To study the role of adiponectin in HCC may be more complex because of its underlying chronic hepatitis infection[19,35,36]. Previous studies have demonstrated that circulating adiponectin levels are inversely associated with the risk of malignancies associated with IR, including endometrial, breast, colon and gastric cancer[37-40]. Moreover, serum adiponectin level has been reported to be significantly elevated in chronic liver disease, and correlated with stage of liver cirrhosis, liver cell injury, e.g. aminotransferase activity, and inflammatory markers[35,36]. Thus, serum adiponectin level is modified according to the two opposing factors, IR and underlying liver condition. In this study, we found no difference in serum adiponectin level among different clinical stages of chronic HCV infection. Although HOMA-IR score was inversely associated with serum adiponectin level by univariate analysis, multiple linear regression analysis did not support this correlation.

There are some limitations to our study. First, the analysis was carried out in a cross-sectional setting with a relatively small number of HCC patients, and it would be interesting to determine whether this association holds true in longitudinal follow-up studies of larger groups of patients. Second, the cohort of patients, at low prevalence of obesity, was enrolled in a tertiary referral center for liver disease, which limits the broader application of the results.
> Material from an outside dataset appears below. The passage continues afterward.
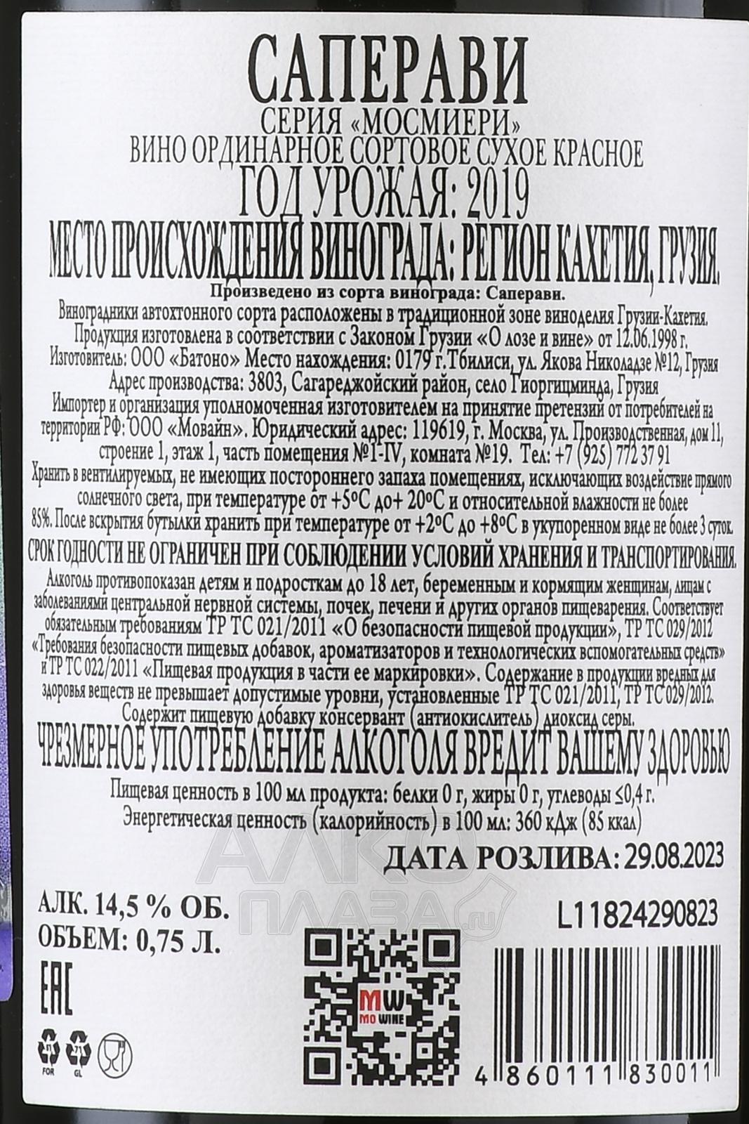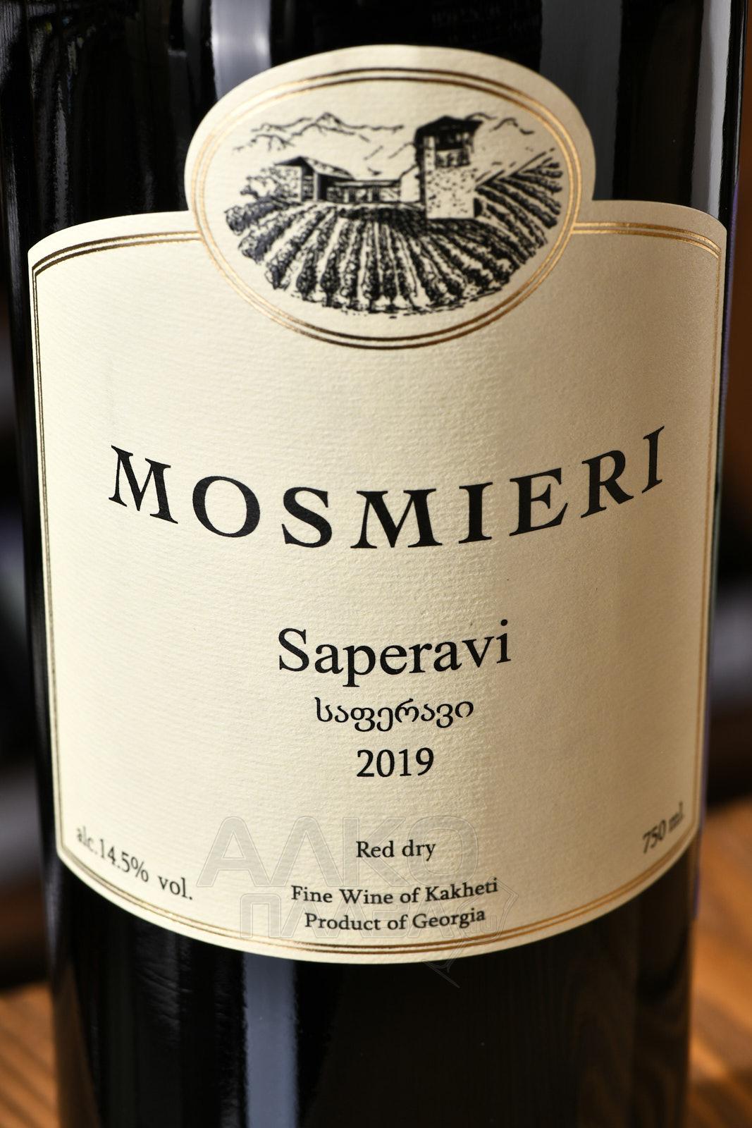 Красное сухое вино Мосмиери Саперави 0,75 л создано в Кавказских горах, где виноград созревает на каменистых почвах Кахетии. Местный терруар формируется за счет тёплого лета, резких суточных перепадов температуры и высоты более 500 м над уровнем моря. Ягоды получают концентрированный сок и плотную кожицу, что повышает природную насыщенность будущего напитка. Производитель использует традиционную ферментацию с длительным скин-контактом в огромных глиняных чанах-квеври в виде кувшинов, вкопанных в землю до горловины. В этих ёмкостях естественным образом поддерживается оптимальная температура брожения, в процессе которого сусло наполняется богатой гаммой вкусовых и ароматических нюансов. В древнегрузинском языке слово «Мосмиери» означает человека, который умеет пить вино и ценить его по достоинству. Это слово передаёт идею хозяйства, стремящегося создавать напитки, которые сохраняют связь с многовековой грузинской традицией виноделия.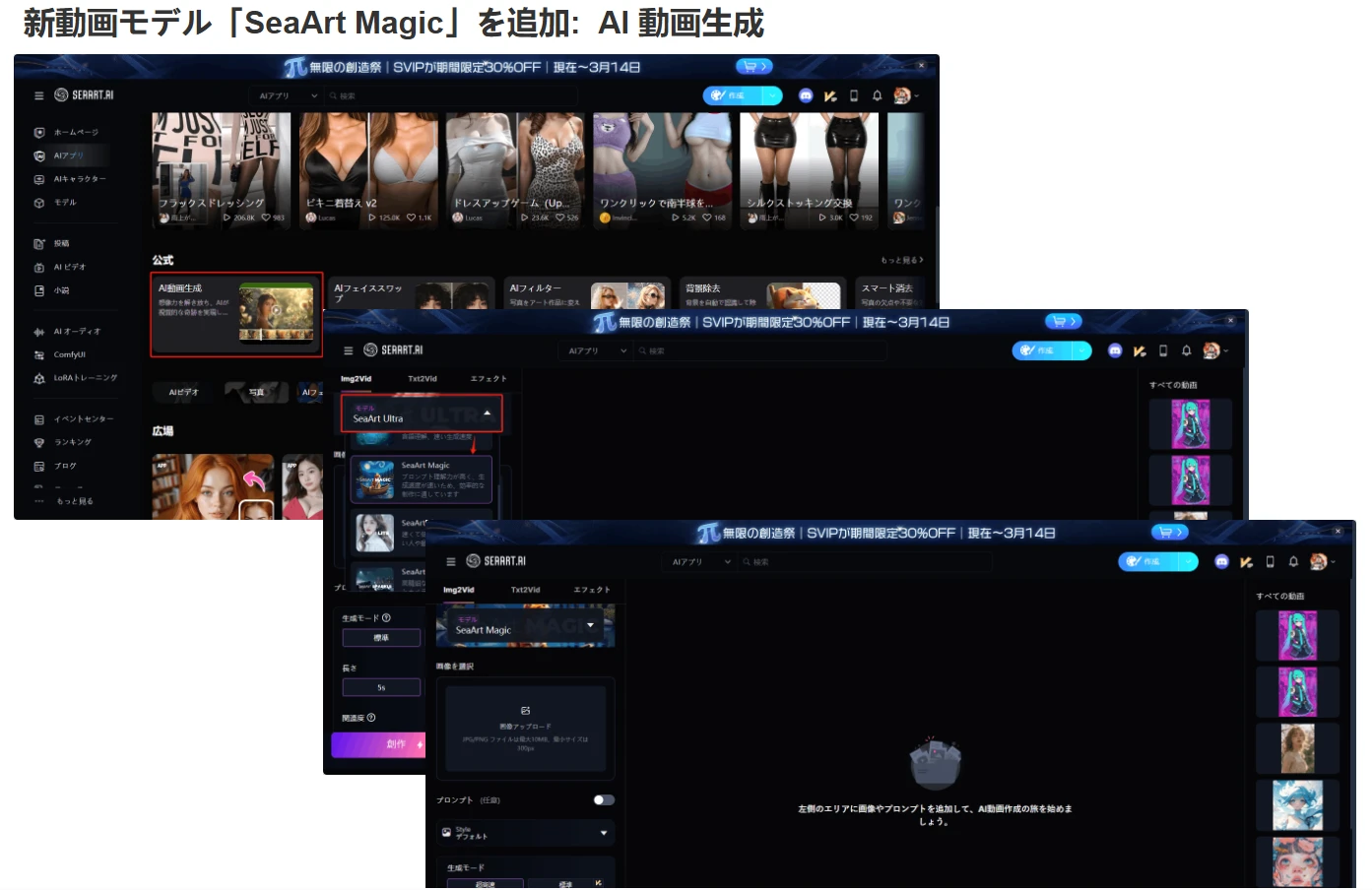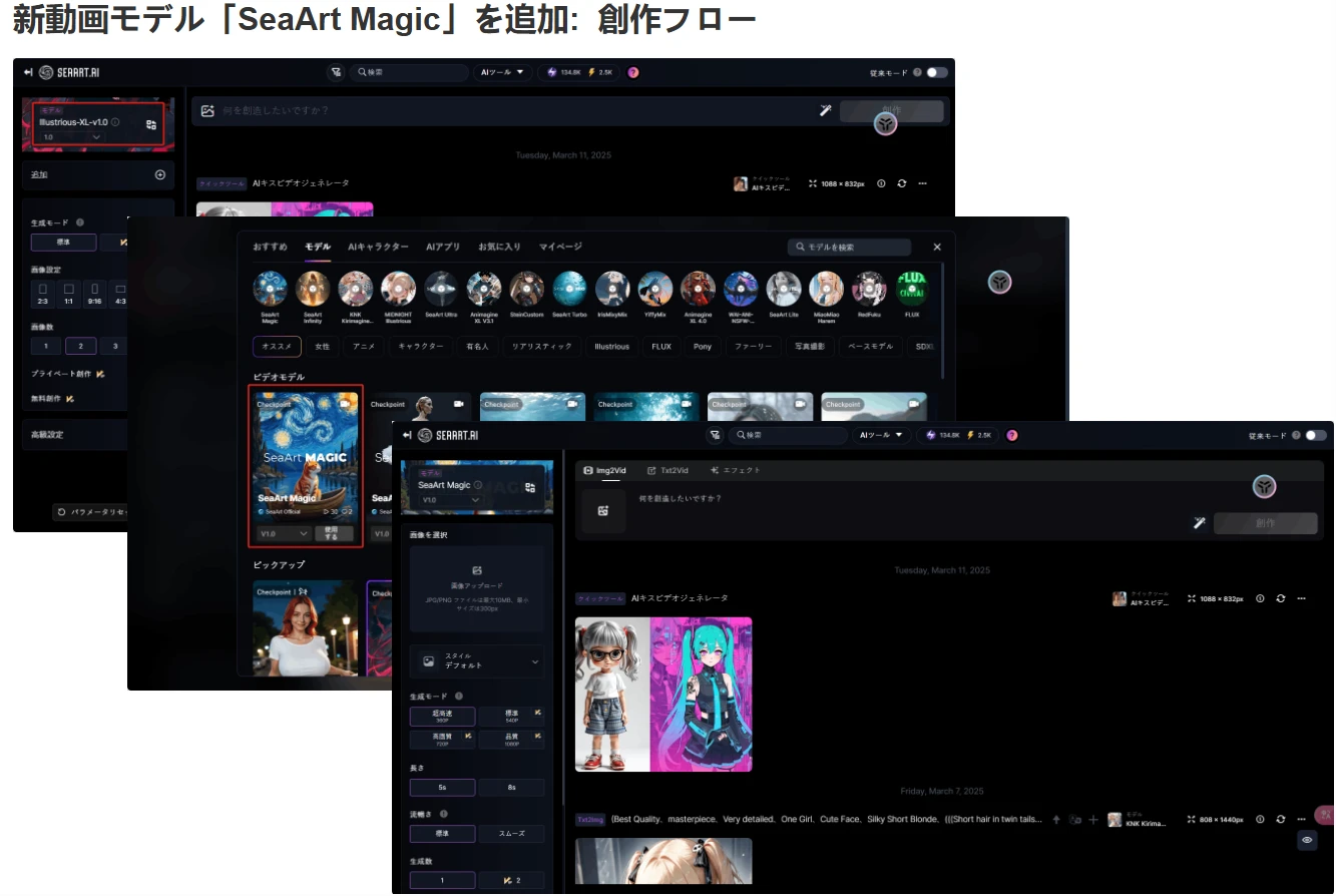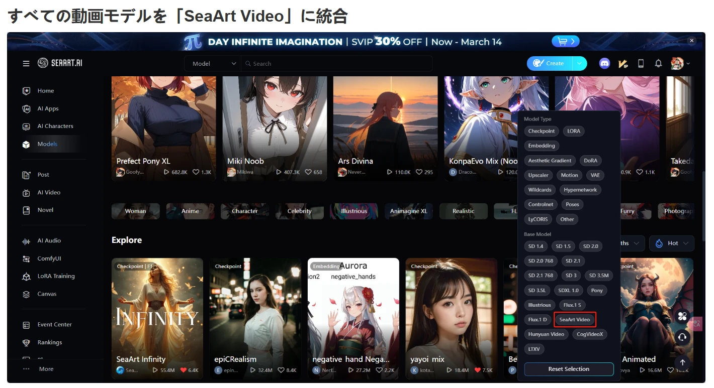 ▪ モデルフィルターオプションを調整:すべての動画モデルを「SeaArt Video」に統合。「すべて」フィルターで全ての動画モデルを表示可能。対象ページはホームページ、モデルページ、モデルタグページ、および創作フローのモデル選択ポップアップ

A further methodological issue resides in the inability to dissect the temporal relation between IR and HCC. Another limitation lies in the fact that there is some concern on the use of HOMA-IR in the presence of long-standing DM. However, a diagnosis of DM is per se expression of IR, and HOMA-IR is a less invasive, inexpensive, and less labor-intensive method to measure IR as compared with the glucose clamp test.

In conclusion, we demonstrated the independent association between IR and HCC development in chronic HCV infection. These findings may have important prognostic and therapeutic implications in the management of chronic HCV-infected patients. Since IR is a potentially modifiable factor, therapeutic intervention aimed at decreasing IR may be warranted in these patients.

COMMENTS

Background

Recent studies have demonstrated that diabetes mellitus (DM) is associated with high risk of hepatocellular carcinoma (HCC) in patients with chronic hepatitis C. Insulin resistance (IR), which correlates inversely with circulating adiponectin concentration, is a consistent finding in patients with type 2 DM. Chronic hepatitis C virus (HCV) infection has been reported to be associated with increased IR. Recent studies have suggested that IR plays a crucial role in fibrosis progression, and has been demonstrated to have a negative impact on treatment responses to antiviral therapy in patients with chronic hepatitis C.

Research frontiers

IR has emerged as a risk factor for a wide variety of cancers. In a cross-sectional, hospital-based setting, the authors assessed the role of IR assessed by the homeostasis model (HOMA-IR) and serum adiponectin level in the development of HCC associated with chronic HCV infection.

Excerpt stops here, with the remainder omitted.